Marriage takes work. It is filled with times of love but should
also be filled with moments of forgiveness. To make a marriage last, both husband and
wife will need to learn how to say, “I was wrong. I am sorry”.
If God had made divorce too easy, then marriage would not be the holy
and sacred union it is supposed to be.
This is why God said He hates divorce and why He said remarriage after a
divorce is a sin. He wants us to realize
the sacredness of those vows.
I suspect there is one last
question on your heart. What about the
man or the woman who remarries after divorce.
Are they living in sin? Well, it
all depends on whether they were guilty of
ending their last marriage or not.
Surely someone innocent cannot be held liable. And yet, even the guilty can find
forgiveness. God has clearly taught us
that any sinner can find forgiveness (see Matthew 12:31). If a person sins, feels guilt and remorse for
that sin, and asks the Lord for
forgiveness, they will no longer have that sin held against them. The Father chooses no longer to remember that
sin. This is what justification truly
means – just as if I never sinned. So it
seems to me that a person who admitted their guilt and found forgiveness
through Christ, they should be able to
remarry without any guilt. That’s what
justification is all about – to no longer hold a person’s past against
them.
Once again, let me say that it’s
important we know God’s truth about divorce and remarriage, but also important
we know the truth about God’s forgiveness as well. Divorce is an unfortunate incident
that takes place in some marriages.
Sometimes both husband and wife are guilty of the divorce. Sometimes only one spouse is guilty.

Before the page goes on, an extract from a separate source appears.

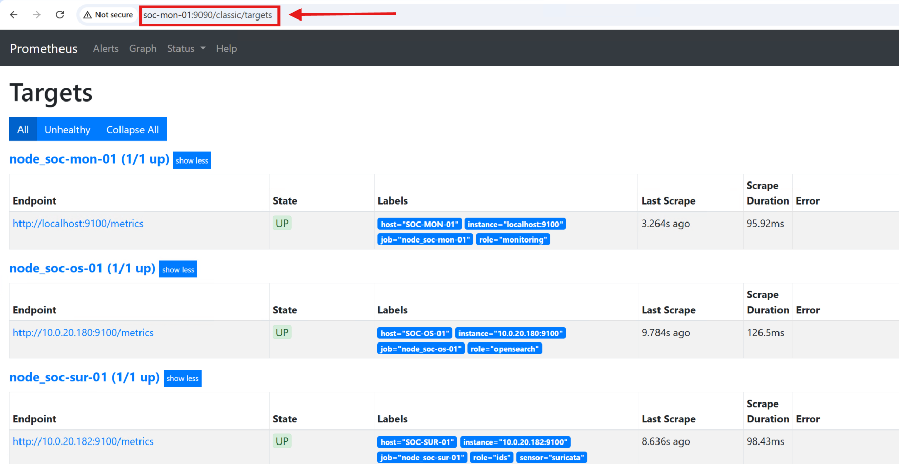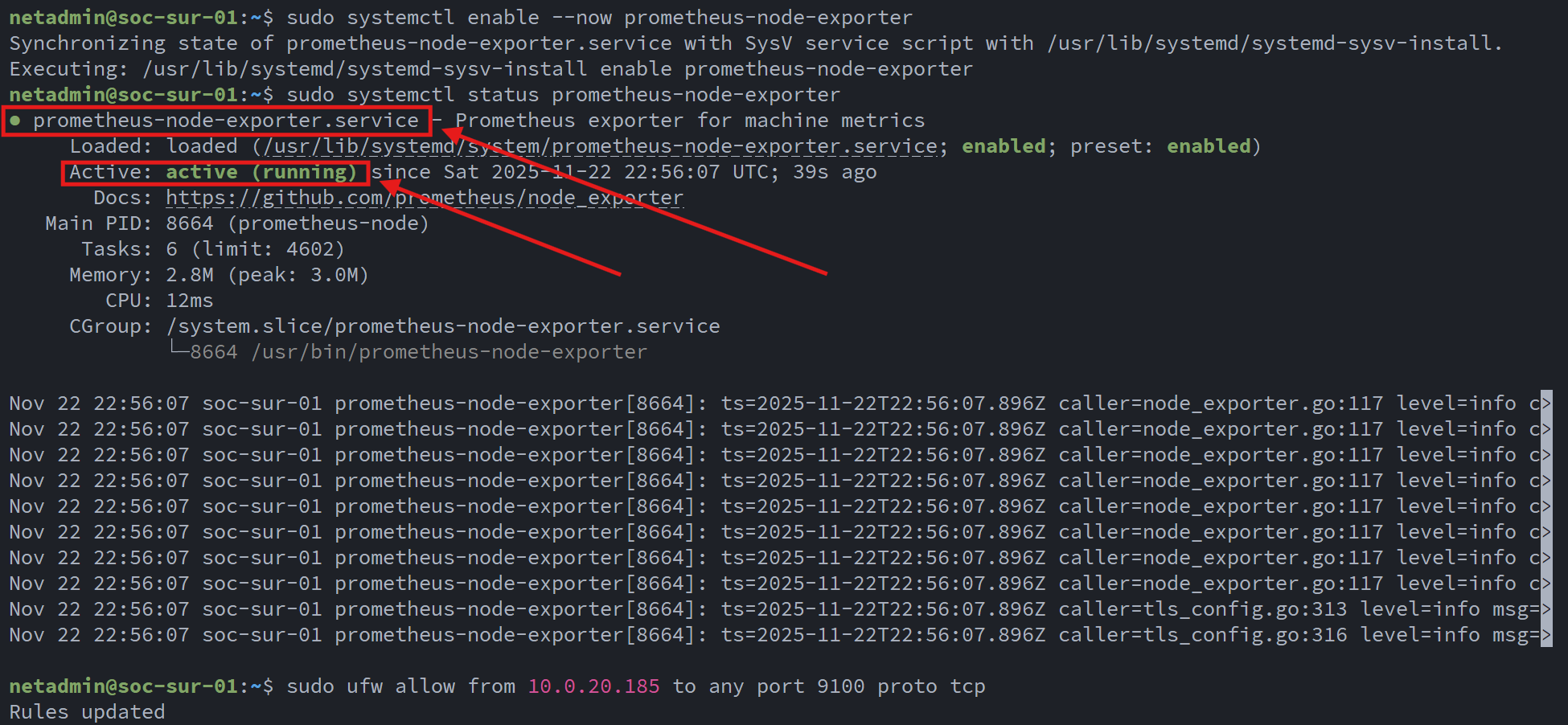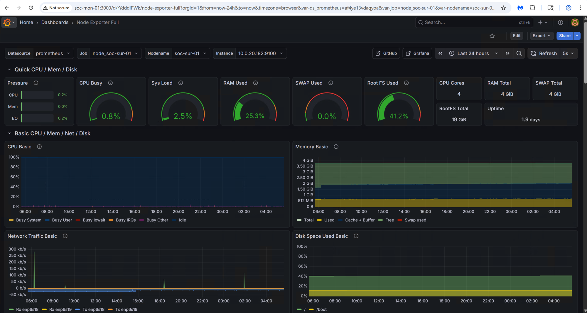 I began by installing the Node Exporter on every server participating in the SOC stack:

Those who are guilty must realize the
seriousness of their sin and seek the Lord’s forgiveness.
God has taught us about marriage
not to crush us or condemn us, but to show us what holiness looks like. And when we don’t measure up, we turn to
Christ. We seek His forgiveness. This applies to each of us who sin, including
those whose marriages failed. Seek His forgiveness, confess to the Lord where
you failed, and I promise you, He will forgive this sin and all others –
justifying you in the name of Jesus.